Forecasting extreme outcomes

By AidanGoth @ 2023-01-09T15:02 (+46)

This is a linkpost to https://docs.google.com/document/d/1XP0SLWAhda0Mk277R3e9YyGb6Y0ftSSCRzhC-3aQSmE/edit?usp=sharing

This document explores and develops methods for forecasting extreme outcomes, such as the maximum of a sample of n independent and identically distributed random variables. I was inspired to write this by Jaime Sevilla’s recent post with research ideas in forecasting and, in particular, his suggestion to write an accessible introduction to the Fisher–Tippett–Gnedenko Theorem.

I’m very grateful to Jaime Sevilla for proposing this idea and for providing great feedback on a draft of this document.

Summary

The Fisher–Tippett–Gnedenko Theorem is similar to a central limit theorem, but for the maximum of random variables. Whereas central limit theorems tell us about what happens on average, the Fisher–Tippett–Gnedenko Theorem tells us what happens in extreme cases. This makes it especially useful in risk management, when we need to pay particular attention to worst case outcomes. It could be a useful tool for forecasting tail events.

This document introduces the theorem, describes the limiting probability distribution and provides a couple of examples to illustrate the use (and misuse!) of the Fisher–Tippett–Gnedenko Theorem for forecasting. In the process, I introduce a tool that computes the distribution of the maximum n iid random variables that follow a normal distribution centrally but with an (optional) right Pareto tail.

Summary:

I expect the time-poor reader to get most of the value from this document by reading the informal statement of the Fisher–Tippett–Gnedenko Theorem, the overview of the generalised extreme value distribution, and the shortest and tallest people in the world example, and then maybe making a copy and playing around with the tool for forecasting the maximum of n random variables that follow normal distributions with Pareto tails (consulting this as needed).
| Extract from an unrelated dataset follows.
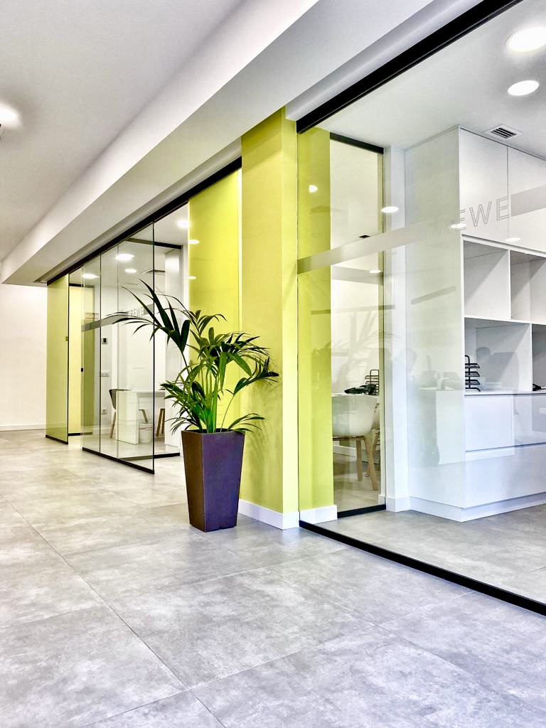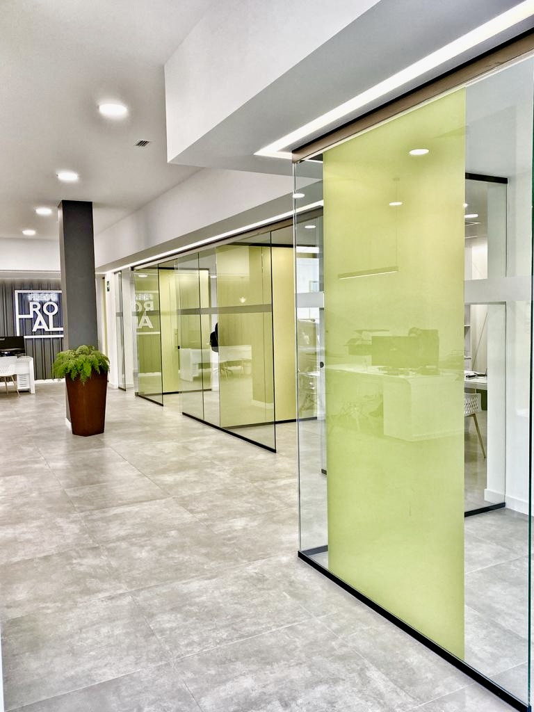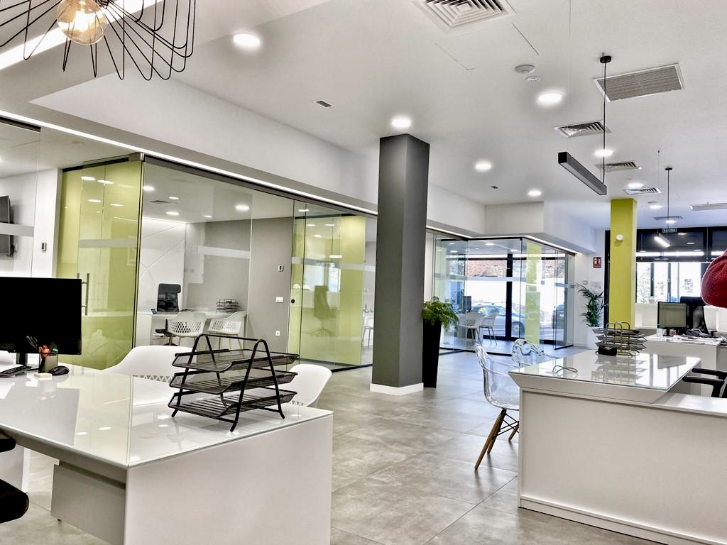 El proyecto incluyó la instalación de divisiones acristaladas, mobiliario contemporáneo, iluminación integrada y acabados de alta calidad, logrando un ambiente amplio, luminoso y adaptado a las necesidades operativas.

Marcel D @ 2023-01-09T17:55 (+6)

One thing I might recommend in a document like this is to make it clear up front with concrete real examples what the use case of this theorem is. You eventually mention something about forecasting extreme height, but I was a bit confused about that and some readers may not reach that. More generally, after a quick read I am still a bit unclear why I would want to use/know this concept.
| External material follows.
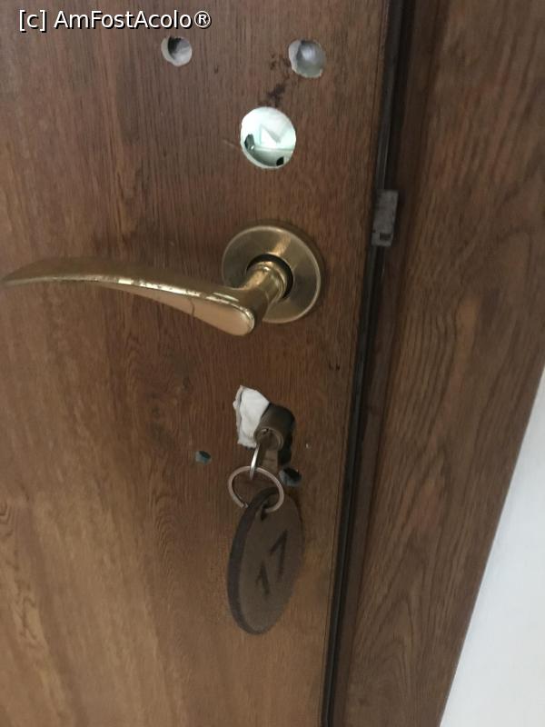 [P01] Usa nu avea încuietoare și găurile erau astupate cu dop de hârtie. Usa nu prezintă încredere la închidere.

For example, you could write something like “Suppose that you are trying to forecast [real thing of interest]. Some of the relevant variables at play here are [ABC]. A naive approach might be [x] or assume [y], but actually, according to this theorem, [____].”

Stephen Clare @ 2023-01-09T15:26 (+6)

Quick note: the Google Docs link you shared has suggestion privileges, which you might not want for a public doc.
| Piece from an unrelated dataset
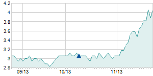 | 3/18/2013 | 0.00 / 0.00% | 3.90 | 4.00 | 3.70 | 3.90 | 3.90 | 1.86 | 146,830 |   |

David Roodman @ 2023-01-17T01:37 (+3)

I dug waaay into this topic when investigating geomagnetic storms. I found it quite interesting and useful. See 

https://www.openphilanthropy.org/research/geomagnetic-storms-using-extreme-value-theory-to-gauge-the-risk

https://www.openphilanthropy.org/research/updating-my-risk-estimate-for-the-geomagnetic-big-one

Sanjay @ 2023-01-09T18:36 (+2)

Thank you for this. It's a useful contribution, and I upvoted it.

I'd be interested in some discussion about when we'd expect this mathematics to be materially useful, especially when compared with other hard elements of doing this sort of forecast.

Example: if I want to estimate the extent to which averting a gigatonne of greenhouse gas (GHG) emissions influences the probability of human extinction, I suspect that the Fisher-Tippett-Gnedenko theorem isn't very important (shout if you disagree). Other considerations (like: "have I considered all the roundabout/indirect ways that GHG emissions could influence the chance of human extinction?") are probably more important.